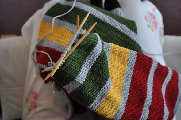 For Christmas this year Rob got a box of fabric squares with a picture on top. Slowly I’ve been sewing all those squares together and cutting them up and sewing them together again and cut them up again. Now I’ve got a fabulous collection of shiny flying geese to sew into a quilt for him. When Rob’s at his desk or watching TV he’s nearly always wrapped in a quilt and the two we’ve got in use right now are getting bit worn. I’ve had these shiny dot fabrics in my stash for ages and it was exciting the finally get them out and cut them up. They told me they wanted to be space ships so this quilt is going to be a whole fleet of ships. It’s was fun to design and I’m excited about putting it together now that the geese are finished. I noticed sometime after I’d finished cutting things out and started sewing that I forgot to add the seam allowance when I was doing my math. This means the quilt will come out a bit smaller than I’d originally planned. Depending on how much smaller than turns out to be I might do some sort of borders or something to bring it back up to size. We'll see.
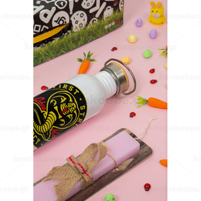 cobra kai strike first dojo, Πασχαλινή Λαμπάδα με παγούρι μεταλλικό (620ml, stainless steel) & κερί αρωματικό πλακέ (30cm) (ΡΟΖ)
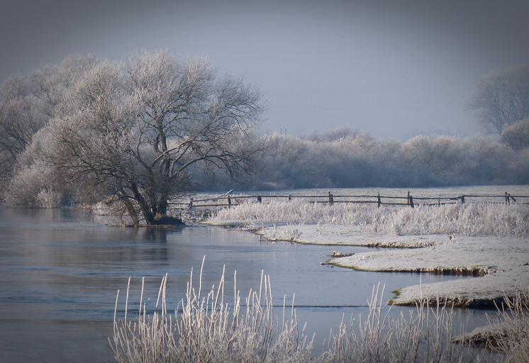 Keywords: winter bank river trees snow mood frosty wintry cold water idyllic nature
· · · · ·
# TASK INSTRUCTIONS
Write out the data above exactly as it appears, but without any image.

# COMPLETED EXERCISE
 For Christmas this year Rob got a box of fabric squares with a picture on top. Slowly I’ve been sewing all those squares together and cutting them up and sewing them together again and cut them up again. Now I’ve got a fabulous collection of shiny flying geese to sew into a quilt for him. When Rob’s at his desk or watching TV he’s nearly always wrapped in a quilt and the two we’ve got in use right now are getting bit worn. I’ve had these shiny dot fabrics in my stash for ages and it was exciting the finally get them out and cut them up. They told me they wanted to be space ships so this quilt is going to be a whole fleet of ships. It’s was fun to design and I’m excited about putting it together now that the geese are finished. I noticed sometime after I’d finished cutting things out and started sewing that I forgot to add the seam allowance when I was doing my math. This means the quilt will come out a bit smaller than I’d originally planned. Depending on how much smaller than turns out to be I might do some sort of borders or something to bring it back up to size. We'll see.
 cobra kai strike first dojo, Πασχαλινή Λαμπάδα με παγούρι μεταλλικό (620ml, stainless steel) & κερί αρωματικό πλακέ (30cm) (ΡΟΖ)
 Keywords: winter bank river trees snow mood frosty wintry cold water idyllic nature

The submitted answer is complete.